=== Provided data ===

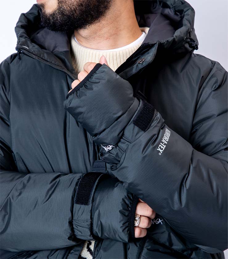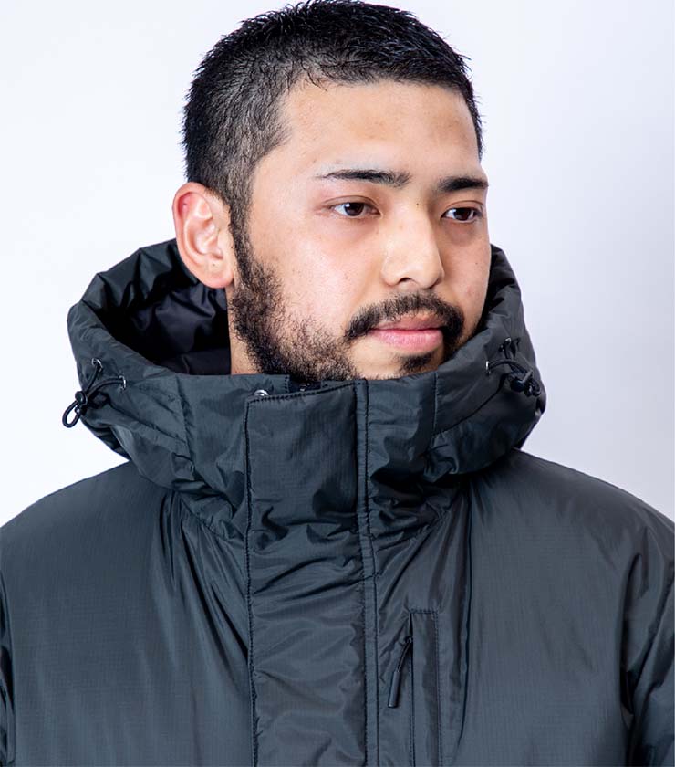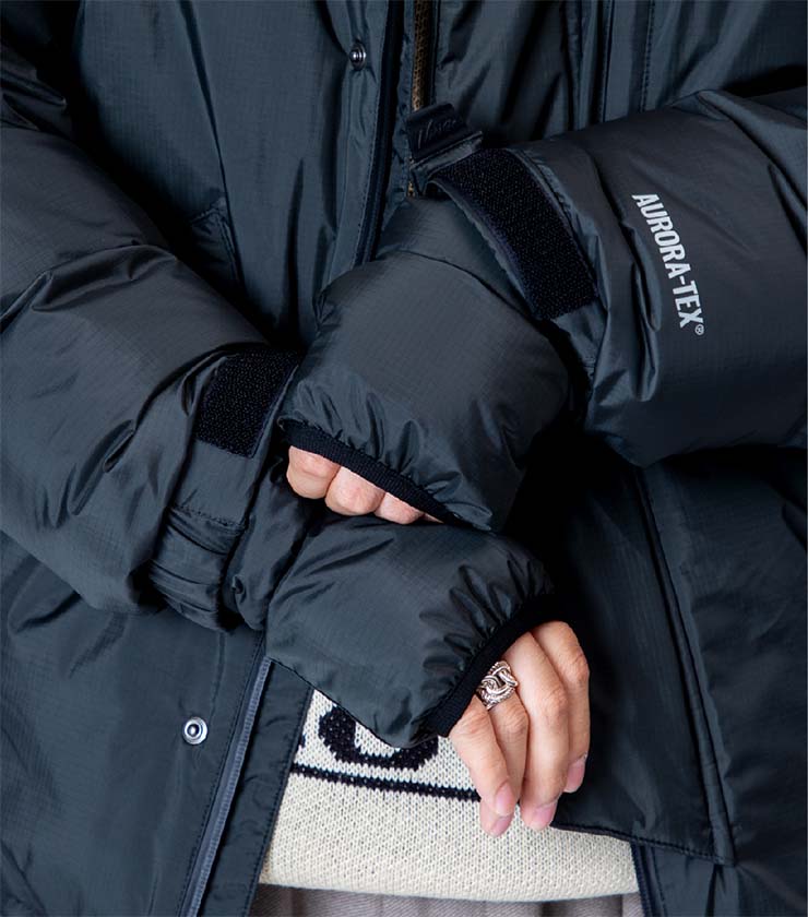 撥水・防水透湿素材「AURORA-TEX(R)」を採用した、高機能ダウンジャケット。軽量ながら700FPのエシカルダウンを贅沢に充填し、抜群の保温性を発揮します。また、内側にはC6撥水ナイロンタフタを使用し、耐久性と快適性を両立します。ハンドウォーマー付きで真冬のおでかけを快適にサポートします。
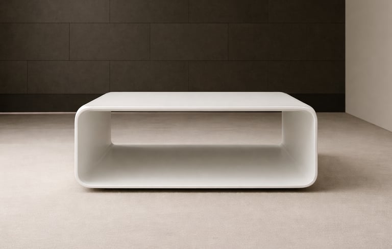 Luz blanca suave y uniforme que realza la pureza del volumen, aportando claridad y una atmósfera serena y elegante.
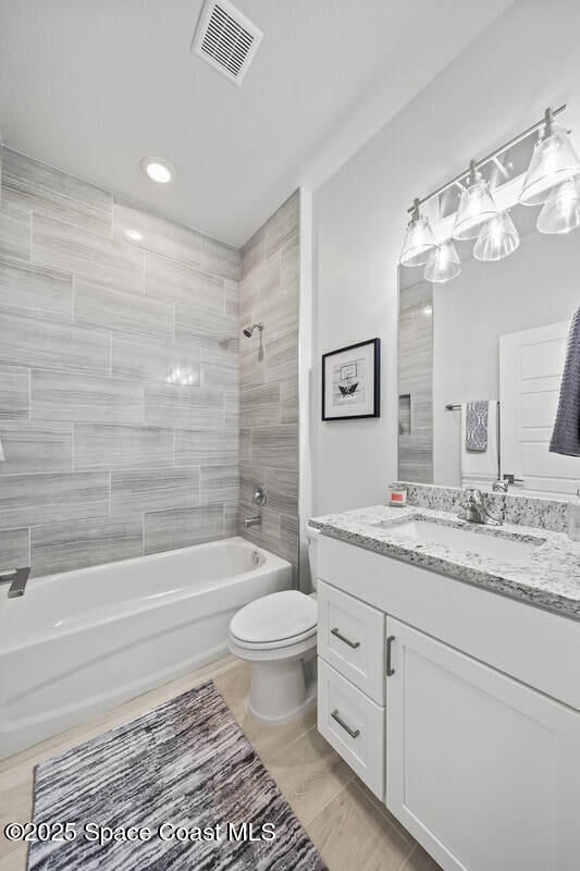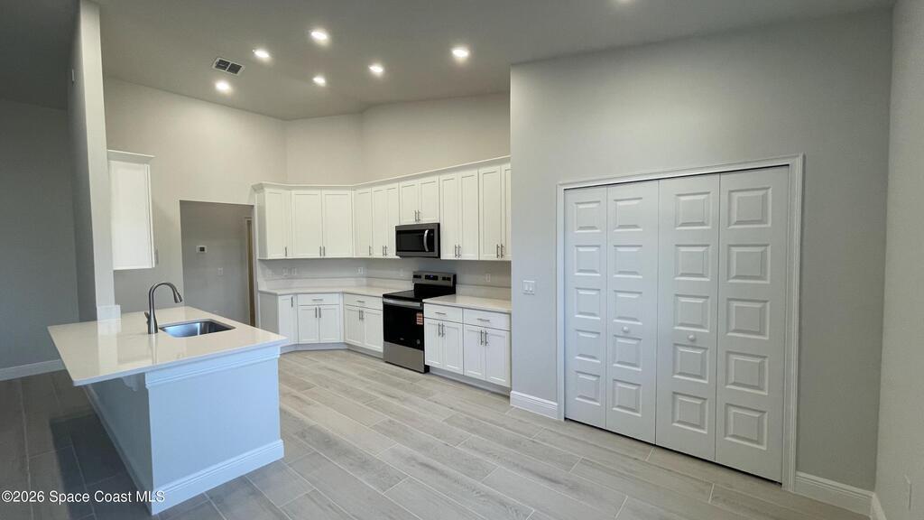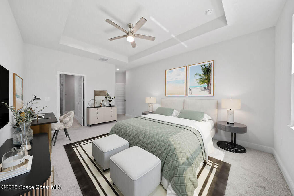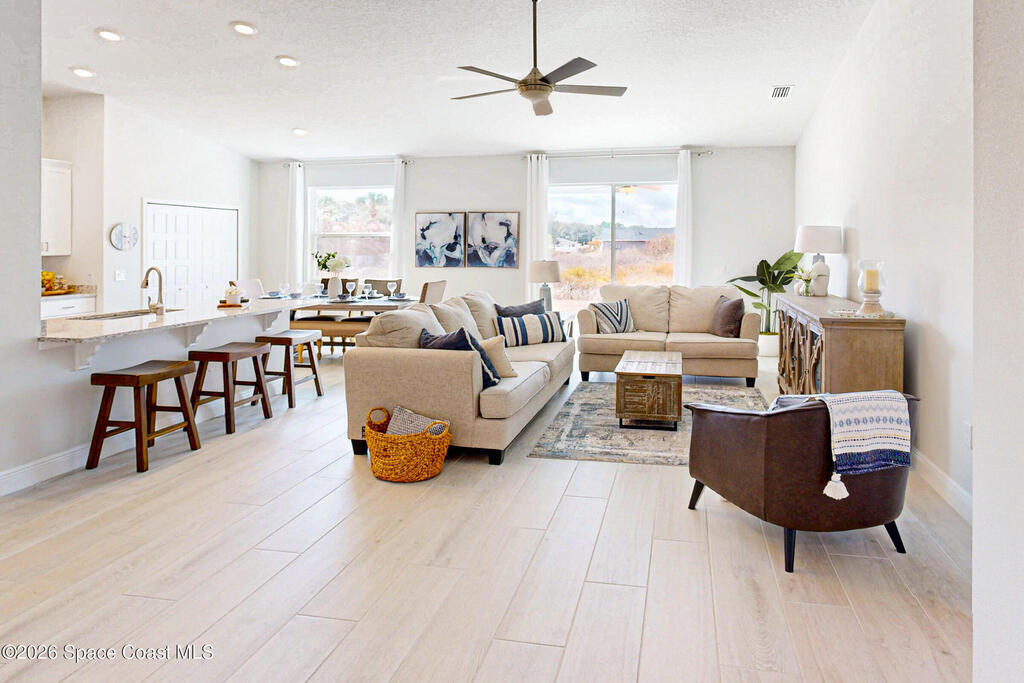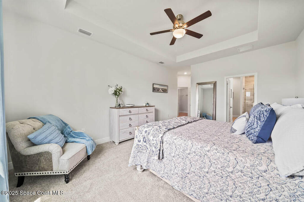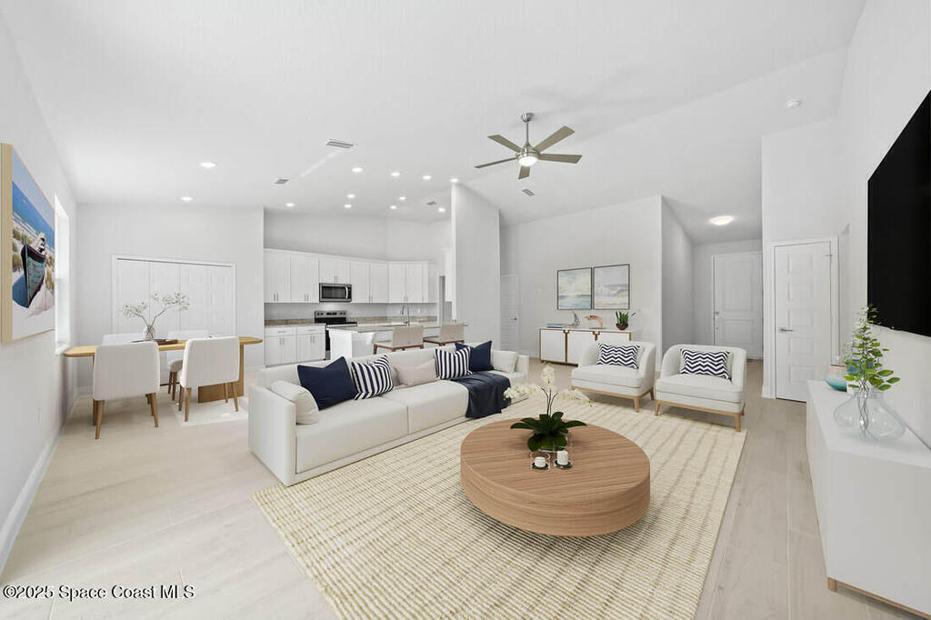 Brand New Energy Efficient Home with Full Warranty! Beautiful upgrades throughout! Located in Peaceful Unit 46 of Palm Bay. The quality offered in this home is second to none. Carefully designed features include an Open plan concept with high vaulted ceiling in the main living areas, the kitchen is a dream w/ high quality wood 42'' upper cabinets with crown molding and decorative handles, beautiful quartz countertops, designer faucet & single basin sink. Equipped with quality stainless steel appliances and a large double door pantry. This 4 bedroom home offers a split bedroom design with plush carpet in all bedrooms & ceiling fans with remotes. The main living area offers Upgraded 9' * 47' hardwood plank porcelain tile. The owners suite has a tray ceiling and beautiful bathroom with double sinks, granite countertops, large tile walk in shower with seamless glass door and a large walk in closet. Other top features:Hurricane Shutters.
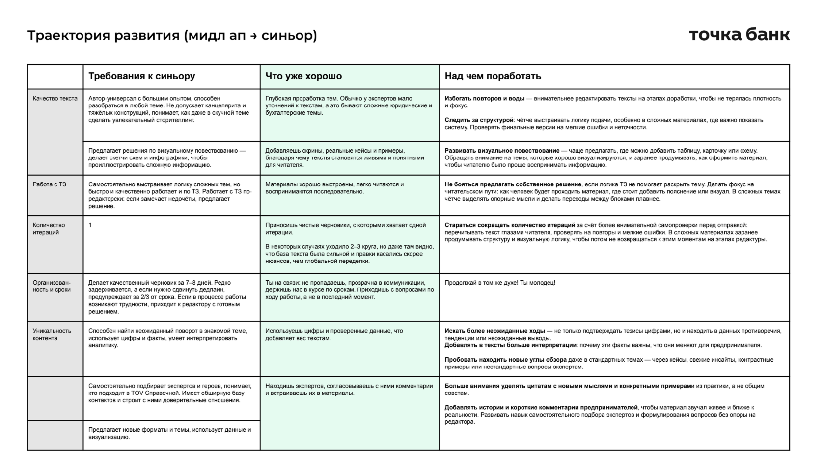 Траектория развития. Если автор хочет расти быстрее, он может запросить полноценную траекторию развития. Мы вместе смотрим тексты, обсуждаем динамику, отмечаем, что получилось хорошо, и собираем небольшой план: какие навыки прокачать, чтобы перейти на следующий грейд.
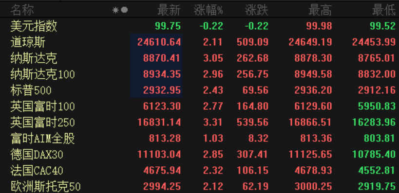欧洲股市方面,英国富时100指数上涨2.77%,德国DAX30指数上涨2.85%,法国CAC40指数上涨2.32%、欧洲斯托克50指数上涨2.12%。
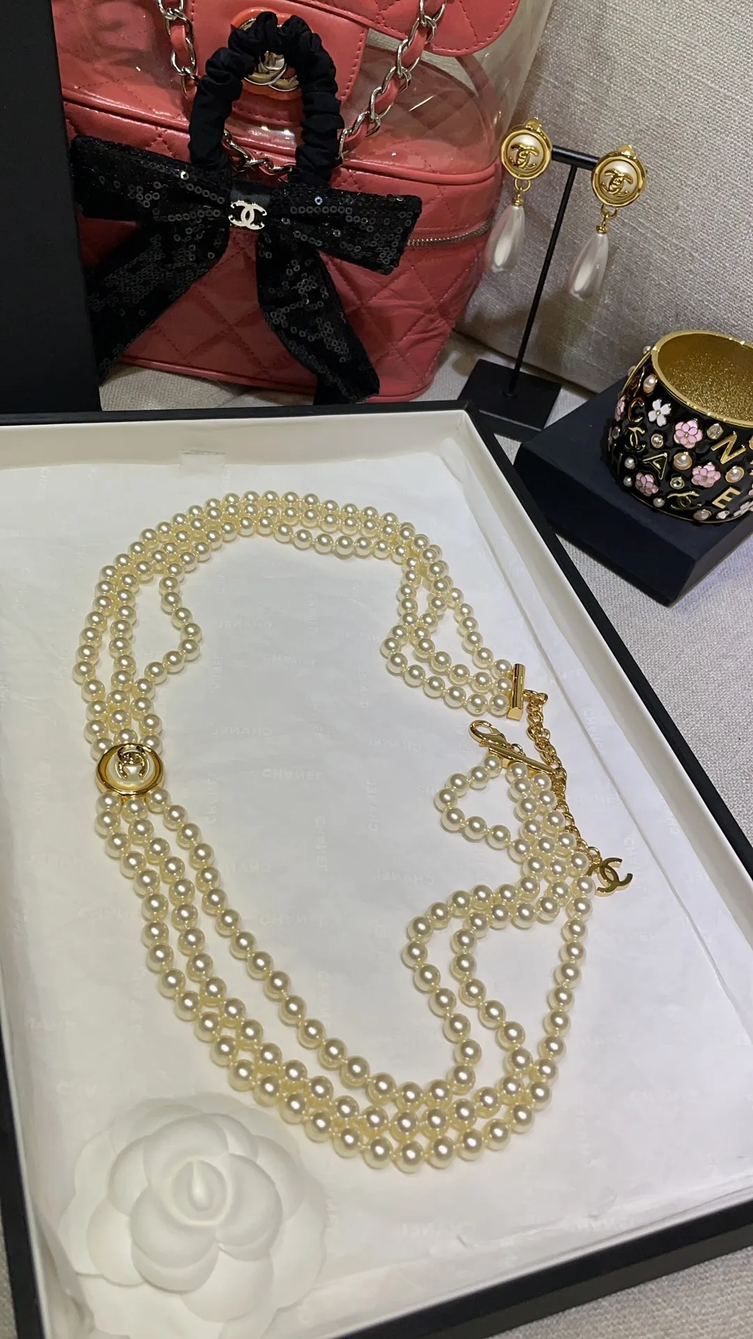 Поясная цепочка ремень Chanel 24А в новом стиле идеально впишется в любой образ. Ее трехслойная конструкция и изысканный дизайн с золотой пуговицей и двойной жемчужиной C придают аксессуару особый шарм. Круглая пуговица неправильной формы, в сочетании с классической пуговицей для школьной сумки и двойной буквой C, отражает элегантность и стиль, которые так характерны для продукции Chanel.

===

## Your instructions
Leave the pictures out, and restate exactly the lines from the start of the records through the one that contains "Luz blanca suave".

## Exercise solution
 撥水・防水透湿素材「AURORA-TEX(R)」を採用した、高機能ダウンジャケット。軽量ながら700FPのエシカルダウンを贅沢に充填し、抜群の保温性を発揮します。また、内側にはC6撥水ナイロンタフタを使用し、耐久性と快適性を両立します。ハンドウォーマー付きで真冬のおでかけを快適にサポートします。
 Luz blanca suave y uniforme que realza la pureza del volumen, aportando claridad y una atmósfera serena y elegante.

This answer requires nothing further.